Luke menyentak saat mata Len menyala dengan semangat. “Kekuatanmu adalah sesuatu yang diimpikan semua penyihir! Kau tidak bisa membusuk di Departemen Ksatria yang berlumuran keringat itu! Berhenti segera! Bergabunglah dengan kami dan pelajari manamu bersamaku!” “T-Tapi…” “Hahahaha! Betapa menyenangkan! Subjek penelitian baru! Luar biasa! Ayo bangkitkan manamu sekarang juga!”

Saat Len kembali terjerumus dalam kegilaan, Anna menghela napas. “Aku mengerti maksudmu, Leo. Profesor Len tampak terpesona oleh sifat mana Luke. Dia akan meneliti bagaimana Luke harus mempelajari sihir untuk memaksimalkannya.”

Dia memberikan Leo pandangan yang tahu. “Pintar, bukan?” “Aku hanya mempercayai semangat Profesor Len sebagai penyihir.” “Tentu saja. Hanya saja…”

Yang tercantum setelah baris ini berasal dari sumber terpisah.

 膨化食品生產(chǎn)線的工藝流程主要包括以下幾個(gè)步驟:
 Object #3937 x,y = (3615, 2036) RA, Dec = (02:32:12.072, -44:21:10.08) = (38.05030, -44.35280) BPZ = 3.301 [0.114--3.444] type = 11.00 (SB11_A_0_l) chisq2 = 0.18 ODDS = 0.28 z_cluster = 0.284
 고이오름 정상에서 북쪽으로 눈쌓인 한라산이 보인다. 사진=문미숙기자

Dia menghela napas berat. “Jika kau tinggal lebih lama, dia mungkin mencoba membedah Luke untuk mempelajarinya, jadi lebih baik kau pergi untuk hari ini.”

Luke terkikik canggung. “Ahaha, itu lelucon yang lucu.” Tapi Anna tidak tertawa. “Dengannya, itu bukan lelucon.”

Wajah Luke menjadi pucat.

Keesokan harinya.

Kelas Gabungan Studi Tempur.

Siswa tahun kedua berkumpul berdasarkan asrama di lapangan latihan. Instruktur hari ini tidak lain adalah Profesor Harrid Edmond.

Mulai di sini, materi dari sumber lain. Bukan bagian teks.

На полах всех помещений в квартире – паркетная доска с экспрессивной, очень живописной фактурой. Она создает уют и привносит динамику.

Dengan ekspresi acuh tak acuh seperti biasa, dia berbicara kepada mereka. “Profesor Sedgen sibuk, jadi aku akan menggantikan. Hari ini, aku akan mengumumkan format untuk ujian tengah semester Studi Tempur.”

Para siswa mulai bergumam dengan antisipasi.

“Praktik tengah semester ini akan mencakup semua ujian fisik. Singkatnya, Studi Tempur akan menjadi satu-satunya ujian praktik.”

“Jadi… seperti penaklukan [Dunia Pahlawan] tahun lalu?” tanya Eliana, mengangkat tangan.

Itu adalah format umum di tahun pertama mereka.

“Tidak. Kali ini, ini adalah [Pertempuran Tiruan].” “Pertempuran tiruan?” “Ya.”

Harrid melihat para siswa tahun kedua yang bingung dan menyatakan, “Ini akan menjadi [Pertempuran Tiruan Gaya Perang Asrama] berskala besar.”

Mata para siswa tahun kedua melebar karena kaget.